Keywords: Bayesian inference, Hierarchical Bayesian Models, structured Variational Inference, Simulation Based Inference, Inference amortization, Neuroimaging
Abstract: Frequently, population studies feature pyramidally-organized data represented using Hierarchical Bayesian Models (HBM) enriched with plates. These models can become prohibitively large in settings such as neuroimaging, where a sample is composed of a functional MRI signal measured on 300 brain locations, across 4 measurement sessions, and 30 subjects, resulting in around 1 million latent parameters. Such high dimensionality hampers the usage of modern, expressive flow-based techniques.
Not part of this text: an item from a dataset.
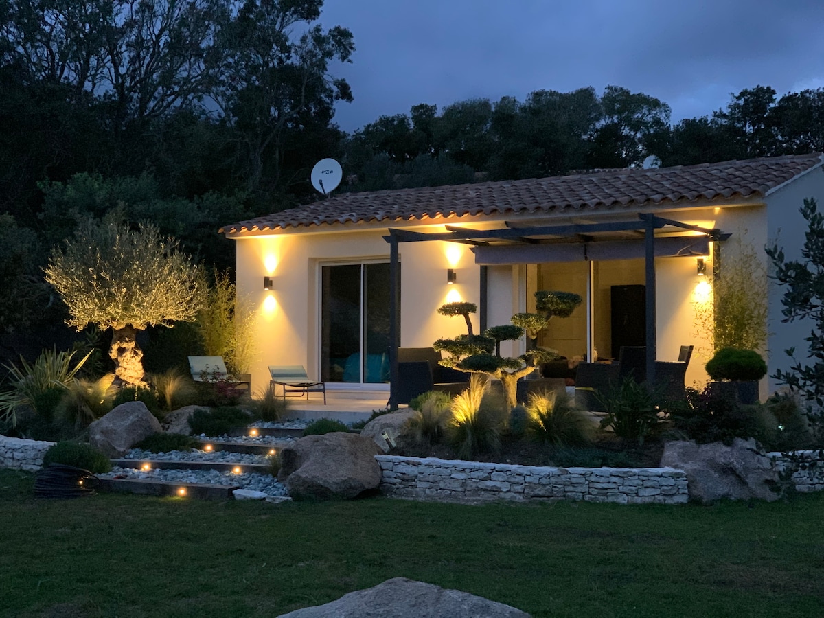 Très belle villa. Edifiée sur 4000m2 de terrain clos. Authentique et Contemporaine elle vous offre le confort et l'intimité que vous cherchez pour des vacances inoubliables. Sa situation géographique; a peine 2mn du Golf de Sant Amanza et 4mn du centre historique et du port de Bonifacio. Vous avez accès aux plus belles plages de l'extrême sud de la Corse;Sur la côte EST ( Vers Bastia ) St Antoine, Spérone, Piantarella, Cala Longa, Canetto, Ballistra, etc.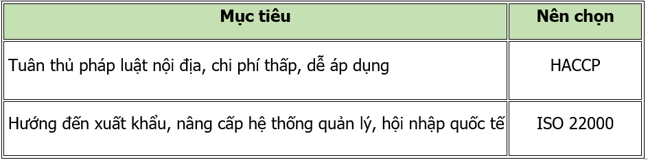Nếu doanh nghiệp của bạn đang ở quy mô nhỏ và chủ yếu phục vụ thị trường nội địa, HACCP là lựa chọn phù hợp, giúp bạn kiểm soát mối nguy hiệu quả mà không tốn kém quá nhiều chi phí và thời gian. Tuy nhiên, nếu bạn hướng đến xuất khẩu hoặc muốn xây dựng hệ thống quản lý chuyên nghiệp, đồng bộ, thì ISO 22000 là sự đầu tư chiến lược dài hạn.

To infer parameter posterior distributions in this challenging class of problems, we designed a novel methodology that automatically produces a variational family dual to a target HBM. This variational family, represented as a neural network, consists in the combination of an attention-based hierarchical encoder feeding summary statistics to a set of normalizing flows. Our automatically-derived neural network exploits exchangeability in the plate-enriched HBM and factorizes its parameter space. The resulting architecture reduces by orders of magnitude its parameterization with respect to that of a typical flow-based representation, while maintaining expressivity. Our method performs inference on the specified HBM in an amortized setup: once trained, it can readily be applied to a new data sample to compute the parameters' full posterior. We demonstrate the capability and scalability of our method on simulated data, as well as a challenging high-dimensional brain parcellation experiment. We also open up several questions that lie at the intersection between normalizing flows, SBI, structured Variational Inference, and inference amortization.
One-sentence Summary: We automatically derive a variational family dual to a plate-enriched Hierarchical Bayesian Network and perform amortized inference.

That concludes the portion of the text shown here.